Just like the proponents of cryptocurrency did before the bubble burst, apologists for generative “AI” are most often defending the technology by conceding that there’s no point in defending it.5“If you’d even understand it, if you’d actually tried it,” as the most asinine apologists so often put it. It’s already here, they claim, so you simply have no choice but to jump on board or be left behind.

They insist that the genie’s out of the bottle, and there’s no going back. And that, to me, might be the most damning criticism of generative “AI.” This technology is supposedly such a miraculous marvel that the people most heavily invested in it can’t actually predict or control how it works, and people use it to create this bullshit? Imagine having such a lack of imagination that an all-powerful genie grants you a wish: you can create anything that you can possibly think of. And you choose to create something that’s between a Discovery Channel Top 10 Hidden Theme Park Facts and the laziest possible BuzzFeed article.

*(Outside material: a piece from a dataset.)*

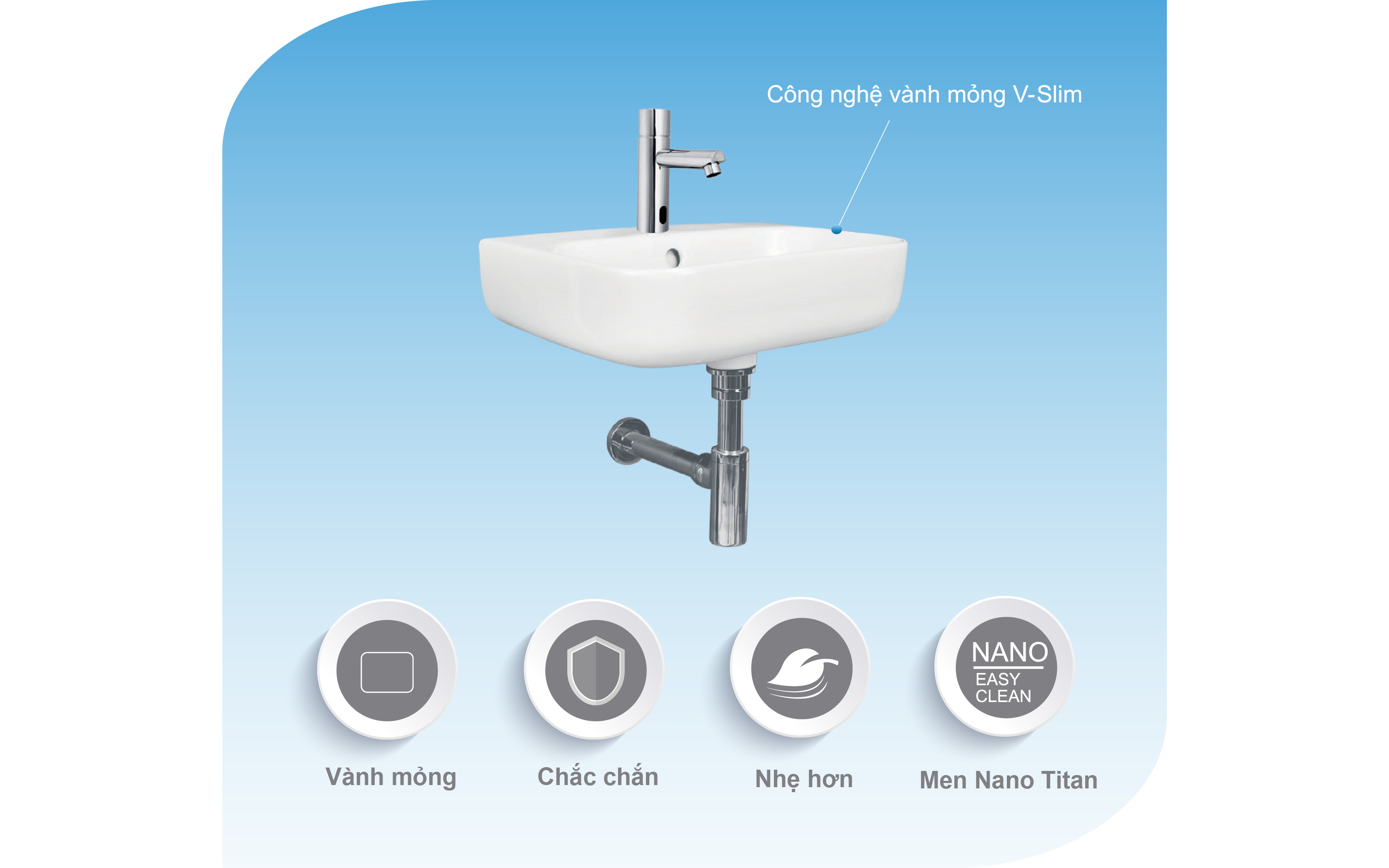 Chậu rửa treo tường Mekong nằm trong bộ sưu tập V-Slim của Viglacera. Với thiết kế vành mỏng tinh tế, tối giản và thanh lịch, V-Slim mang đến nét thẩm mỹ hiện đại cho phòng tắm và những trải nghiệm tiện nghi cho người sử dụng.

Stuff like this video leaves me perversely optimistic about the future of the “AI” bubble. Nothing can survive indefinitely without having anything of substance at its core. Yes, it might take a very long time, and it will do a ton of damage in the process, but it will eventually burn through all of the hype and “engagement” fueling it. In a perfect world, we’ll end up with a much smaller subset of tools that foster actual creativity and skill. Maybe that’s naive, but it’s a hell of a lot more realistic than this bullshit.

  • 1
    And as somebody who’s been writing this blog for decades, I guess I have to give them props.
  • 2
    Man, remember when nostalgia used to be better?
  • 3
    They mention a Camaro but not a Walkman? Absurd.
  • 4
    Of course, there’s no telling whether this video is actually American; it’s just as likely coming from some content slop farm somewhere else. But the US is unfortunately the most visible stage where all this bullshit is currently playing out.
  • 5
    “If you’d even understand it, if you’d actually tried it,” as the most asinine apologists so often put it.